• TO DO: Only the lines from the one with "Nella sua composizione, potresti" to the end of the data below should be given again, exactly, with both ends included and pictures omitted.

• DATASET ENTRIES:
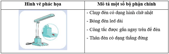 Vẽ phác họa và mô tả một số bộ phận chính của chiếc đèn học
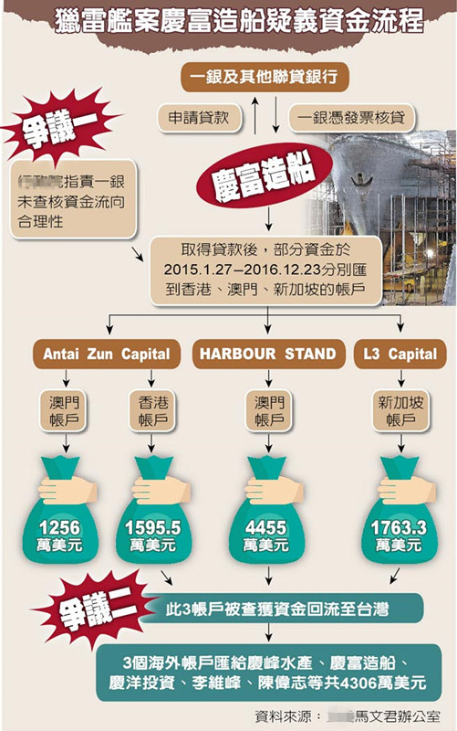 馬文君指出,慶富往Antai Zun Capital香港賬戶匯了1595.5萬(wàn)美元、HARBOUR STAND澳門賬戶有4455萬(wàn)美元、L3 Capital新加坡賬戶有1763.3萬(wàn)美元,這三筆賬戶有資金回流到臺(tái)灣,匯往慶峰水產(chǎn)、慶富造船、慶洋投資,以及慶富相關(guān)人士利瓦伊峰以及陳偉志的戶頭,共4306萬(wàn)美元,約13億新臺(tái)幣。
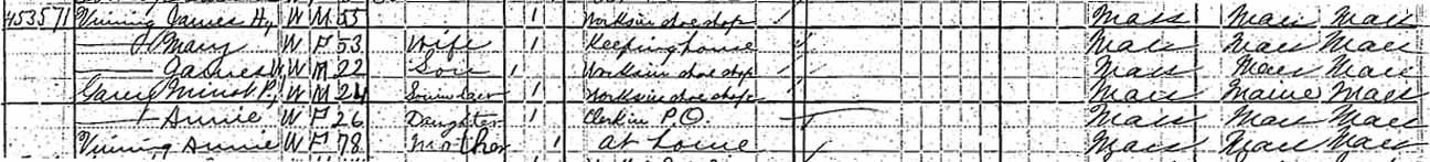 1880 Weymouth, Massachusetts (Norfolk County) - Also living in this household in 1880 were Minot P. Garey (husband of Anna H. Vining, 24 y., b. Massachusetts) and Annie Vining (mother of James H. Vining, 78 y., b. Massachusetts).:
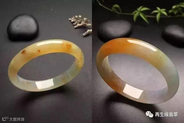 一般来说,翡翠绿色部分的种都不错,但非绿色部分就不行了,干瘪、不透彻,这就是行家所说的“龙到之处有水”。绿色部分种相同的两只手镯,如果底不同,那价格可能会相差数倍。
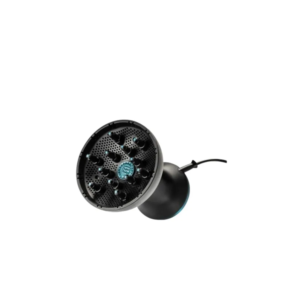 Sistema basado en la combinación de 3 elementos resultantes de la investigación de Imetec: • la acción combinada de la particular rejilla perforada que distribuye uniformemente el aire y 12 dedos de largo, que mantienen los rizos en forma y compuestos, te permite secar tu cabello suavemente, sin despeinarlos, realzando su forma y elasticidad; • las diferentes combinaciones de flujo de aire y temperatura, junto con el suave flujo de aire frío, permiten un secado personalizado para cada tipo de rizo; • el difusor XL diseñado para abarcar una mayor cantidad de cabello y secarlo rápidamente. El cuidado del cabello está garantizado gracias al control de calor digital: un sensor de temperatura avanzado, en sinergia con el chip digital, mide la temperatura del aire emitido 50 veces por segundo y la mantiene en el nivel óptimo para proteger el cabello del daño del calor excesivo. La tecnología avanzada con iones negativos y positivos ayuda a mantener la hidratación del cabello y promueve la reducción del frizz. Tecnologia a iones negativo - positivo
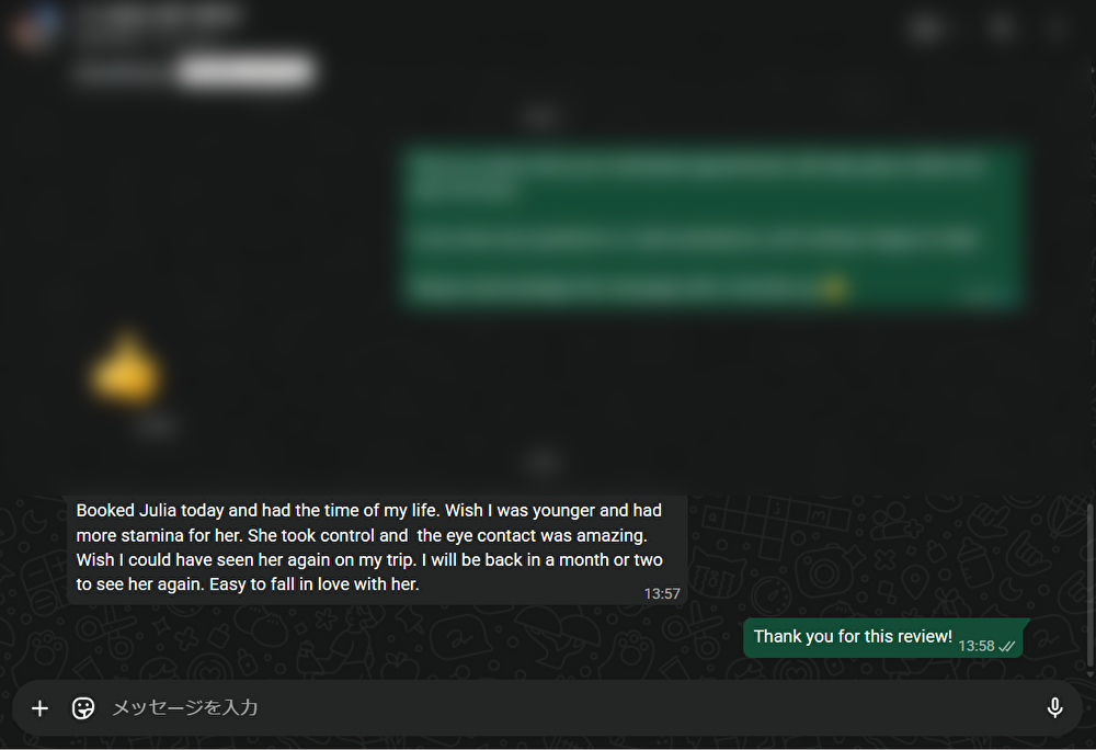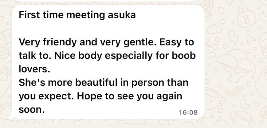 Momo was absolutely amazing. Her technique is really good and she clearly knows what she’s doing. She is warm and very easy to talk to. Her English is good, which made communication effortless, and her personality is lovely, friendly, relaxed, and genuine. The whole experience felt comfortable and enjoyable from start to finish. Honestly, a perfect experience. 10/10
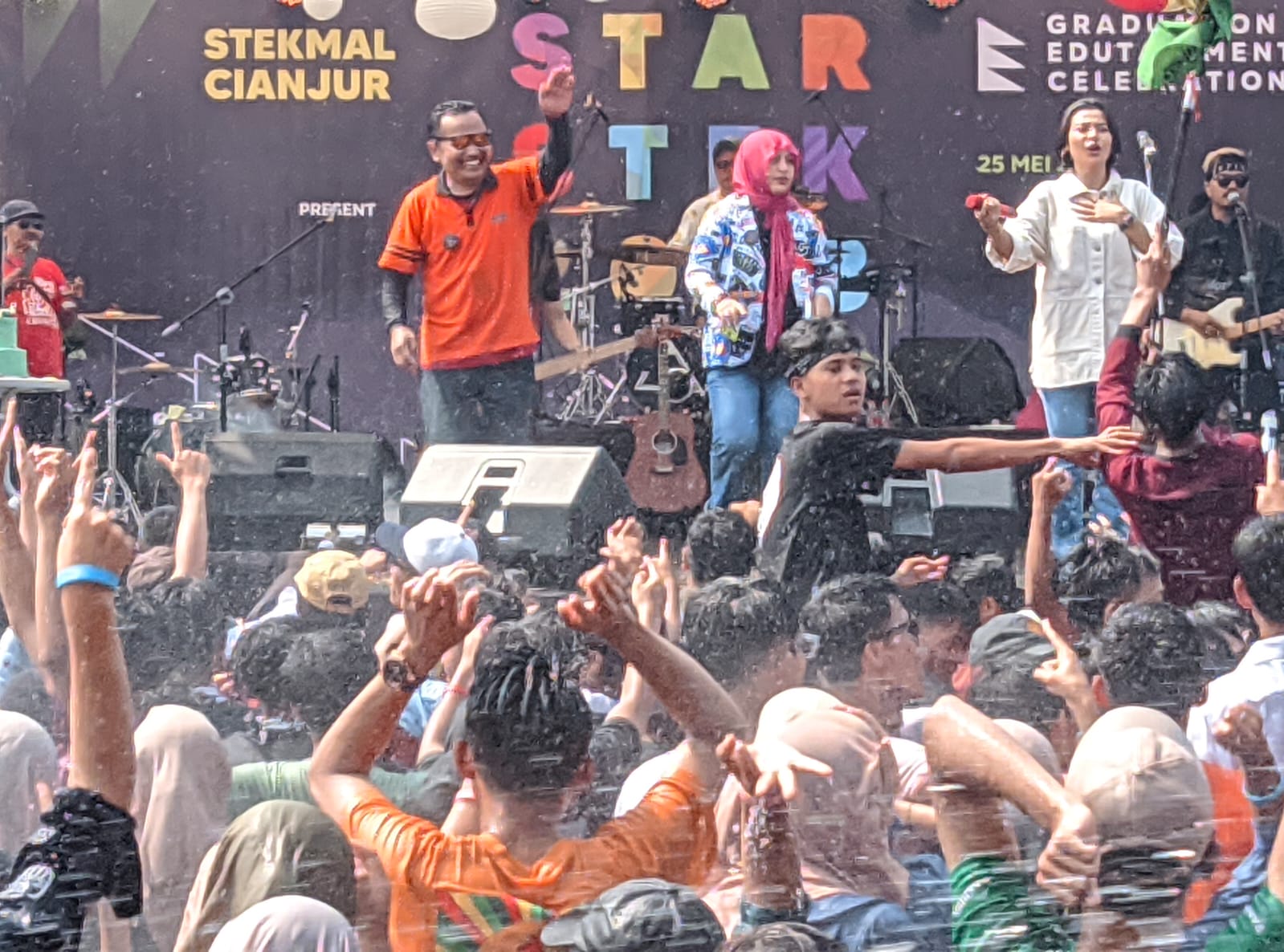 Siswa-siswi dan para guru pun larut dalam lantunan lagu-lagu yang dibawakan bintang tamu ditengah guyuran air dari petugas Damkar Cianjur.
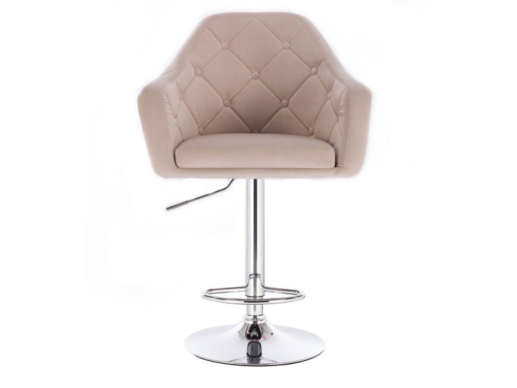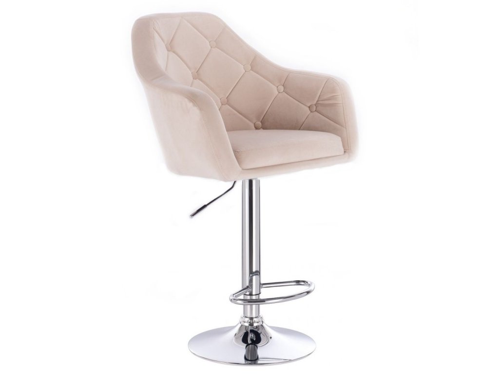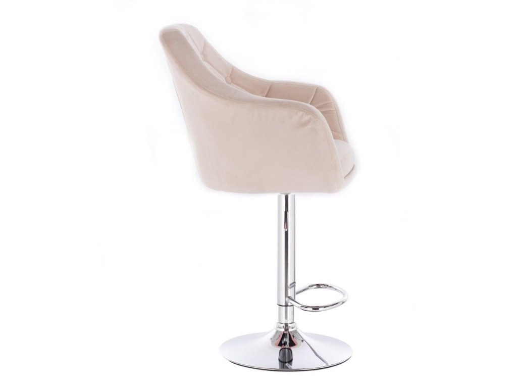 Barová židle ANDORA VELUR na stříbrné kulaté podstavě - krémová
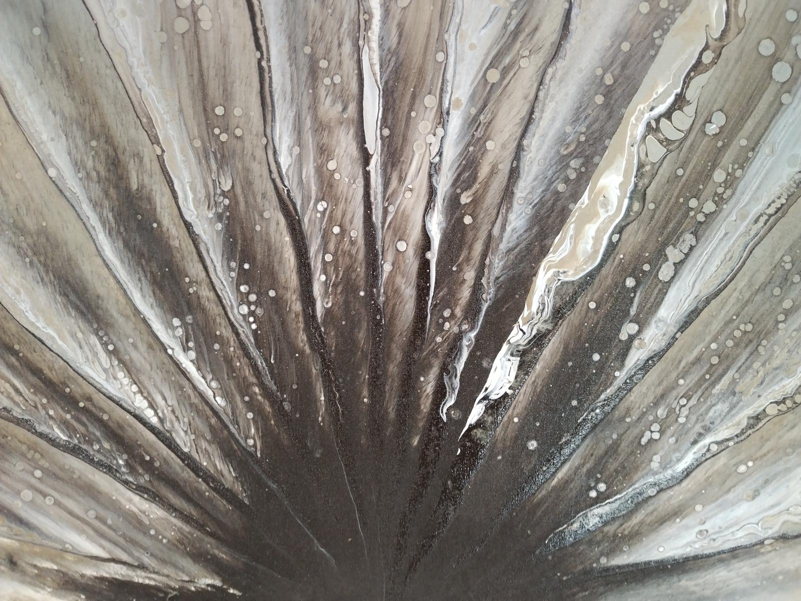 Nella sua composizione, potresti trovare varie sfumature di nero, grigio e bianco che si mescolano e si sovrappongono in un intricato gioco di forme e linee. Il nero domina la scena, portando una sensazione di profondità e mistero, mentre il grigio e il bianco creano contrasti e punti di luce che attirano l’attenzione.
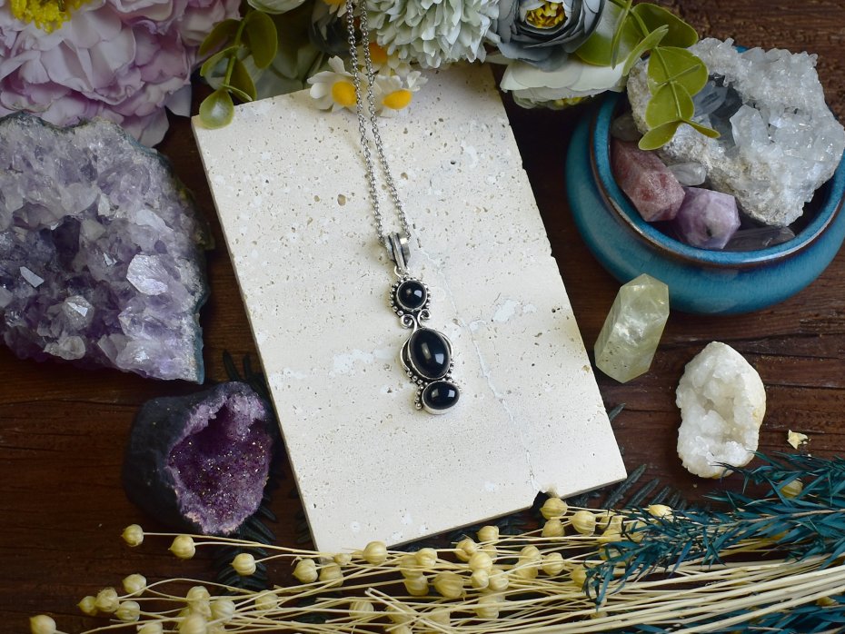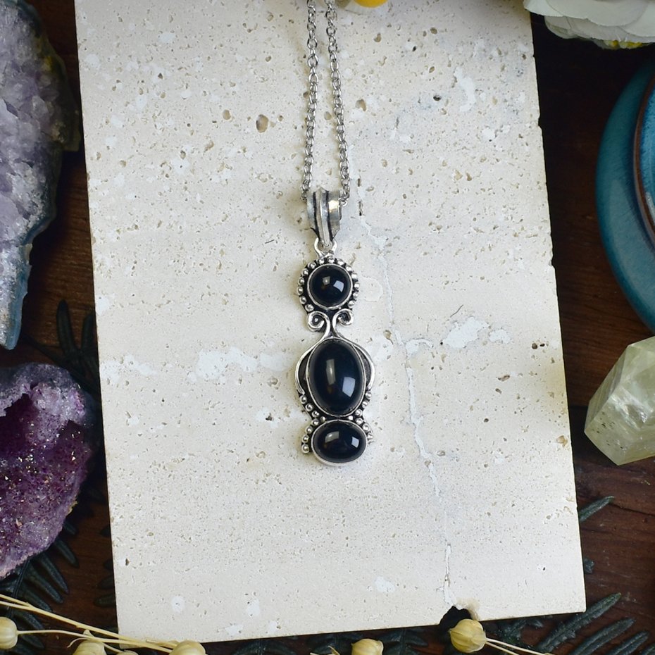 Miedziany wisiorek z onyksem, wykonany tradycyjnymi metodami rzemieślniczymi, a następnie posrebrzany. Onyx, kamień o głębokiej czerni, symbolizujący siłę i stabilność, jest idealnym wyborem dla osób szukających wyjątkowej biżuterii. Wisiorek łączy elegancki design z klasycznym rzemiosłem, tworząc unikalny element, który pasuje do różnych stylizacji. Delikatne posrebrzenie nadaje mu subtelnego blasku, a sam kamień emanuje spokojem i pewnością.

• ANSWER TO THE PROBLEM:
 Nella sua composizione, potresti trovare varie sfumature di nero, grigio e bianco che si mescolano e si sovrappongono in un intricato gioco di forme e linee. Il nero domina la scena, portando una sensazione di profondità e mistero, mentre il grigio e il bianco creano contrasti e punti di luce che attirano l’attenzione.
 Miedziany wisiorek z onyksem, wykonany tradycyjnymi metodami rzemieślniczymi, a następnie posrebrzany. Onyx, kamień o głębokiej czerni, symbolizujący siłę i stabilność, jest idealnym wyborem dla osób szukających wyjątkowej biżuterii. Wisiorek łączy elegancki design z klasycznym rzemiosłem, tworząc unikalny element, który pasuje do różnych stylizacji. Delikatne posrebrzenie nadaje mu subtelnego blasku, a sam kamień emanuje spokojem i pewnością.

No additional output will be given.